Effect of the mode of reproduction
In Experiment I, subjects could have accomplished the task by merely reproducing the initial movement, that is, by relying on a motor memory rather than synthesizing the shape of the traced object. To eliminate this possibility, in Experiment II we had subjects trace and reproduce the outline of these quadrilaterals in different planes, with vision of their movement. Although the experimental design introduced several variants that could have influenced the results, the fact that the errors in the 2 experiments were of comparable magnitude leads us to conclude that subjects did synthesize a percept of the geometric shape on the basis of haptic cues. In the following we discuss the possible effect of some of the variants on our results.
Although subjects were exposed to different gravitational influences for the 2 types of planar movements, the few studies that have measured accuracy of arm-pointing direction in the frontal plane have not shown any differences in accuracy for horizontal versus vertical movements (Crawford et al. 2000; Medendorp et al. 2000; Soechting and Flanders 1989). This suggests that people are well adapted for moving accurately within the natural gravitational forces associated with motion in 3 dimensions.
Drawing the shape's contour on the touch screen with an extended finger potentially involved different joints than those used during tracing and drawing with the manipulandum. However, Lacquaniti et al. (1987) showed that wrist and finger motions contribute very little to drawing and handwriting as long as the figures span more than 10 cm.

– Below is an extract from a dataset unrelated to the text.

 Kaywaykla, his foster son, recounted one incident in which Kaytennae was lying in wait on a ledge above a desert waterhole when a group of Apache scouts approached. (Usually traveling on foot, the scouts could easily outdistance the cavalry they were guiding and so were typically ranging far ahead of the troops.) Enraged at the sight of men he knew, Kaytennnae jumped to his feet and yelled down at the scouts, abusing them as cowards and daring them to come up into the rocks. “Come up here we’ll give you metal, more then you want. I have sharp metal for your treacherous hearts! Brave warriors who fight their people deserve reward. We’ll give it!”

Accordingly, in both Experiment I and Experiment II, the task was achieved primarily by moving the proximal joints (i.e., the shoulder and elbow).
Finally, in Experiment II subjects drew the polygon with their eyes open. We made this change in experimental design because subjects needed to change their posture to draw on the screen. It is possible that vision affected the distortions in the reproductions.

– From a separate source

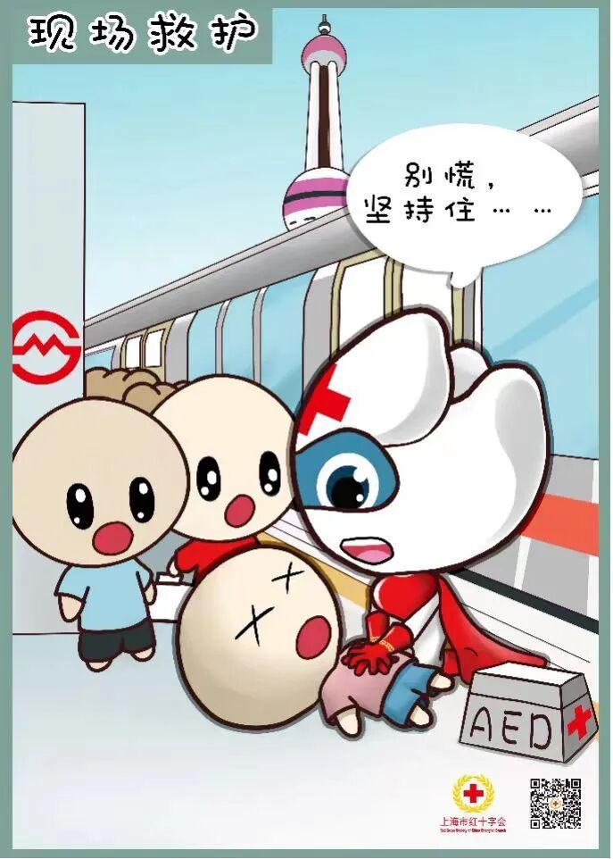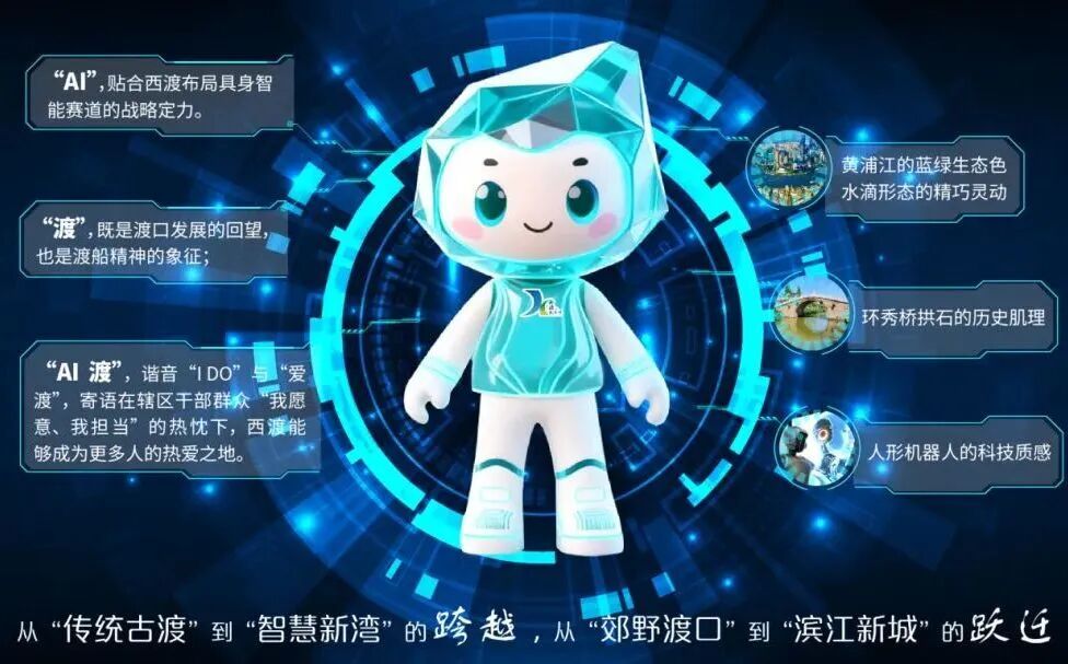 须同时融入上海市红十字会卡通形象“红娃”与西渡街道IP形象“AI 渡”(“红娃”与“AI 渡”的整体外观保持不变,可对其表情及姿势进行合理调整)。

Distortions in haptic synthesis
Earlier studies, using single lines or angles rather than complex shapes, have revealed consistent errors in haptic perception. One such error is the tangential–radial effect (analogous to the horizontal–vertical effect for visual estimates of length) where subjects misperceive lines oriented orthogonal to the chest (in the radial direction) as longer than equal-length lines oriented in the sideways (or tangential) direction in a forcedchoice discrimination task (e.g., Armstrong and Marks 1999; Hogan et al. 1990). Another typical haptic misperception is the oblique effect: people are poorer at orienting rods along a diagonal or oblique direction than at orienting them along cardinal ones in vertical planes (Hermens and Gielen 2003; Kappers and Koenderink 1999; Newport et al. 2002). Individuals also misestimate the angles between felt edges, although the errors vary with the task (Fasse et al. 2000; Klatzky 1999; Klatzky and Lederman 2003; Lakatos and Marks 1998). As mentioned in the INTRODUCTION, these distortions of haptic perception are not always geometrically consistent. Given that the spatial relations of segments of closed objects must be geometrically coherent, we assessed how well people resolved these inconsistencies when synthesizing the percept of a closed object.

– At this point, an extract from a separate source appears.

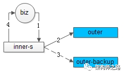 (3)超时后,调用第二个备份服务,未来都直接调用备份服务,直到超时的服务恢复;

In the current study, subjects made scaling errors that differed for the 2 modes of shape reproduction. They made the shapes about 15% larger than the veridical when using a manipulandum (Experiments I and III) and 45% smaller when drawing on a touch screen (Experiment II). The larger manipulandum reproductions may have arisen because subjects exerted force against edges when exploring the shape. This constraint was absent when they reproduced the shape with the force set to zero. A lack of compensation for the removal of the force field would lead to a larger drawn figure. When subjects used the touch screen, we gave them no instruction about size. Subjects may have drawn the quadrilaterals smaller because the screen, at 33 x 24 cm, although larger than the traced shapes, was smaller than the workspace covered by the manipulandum.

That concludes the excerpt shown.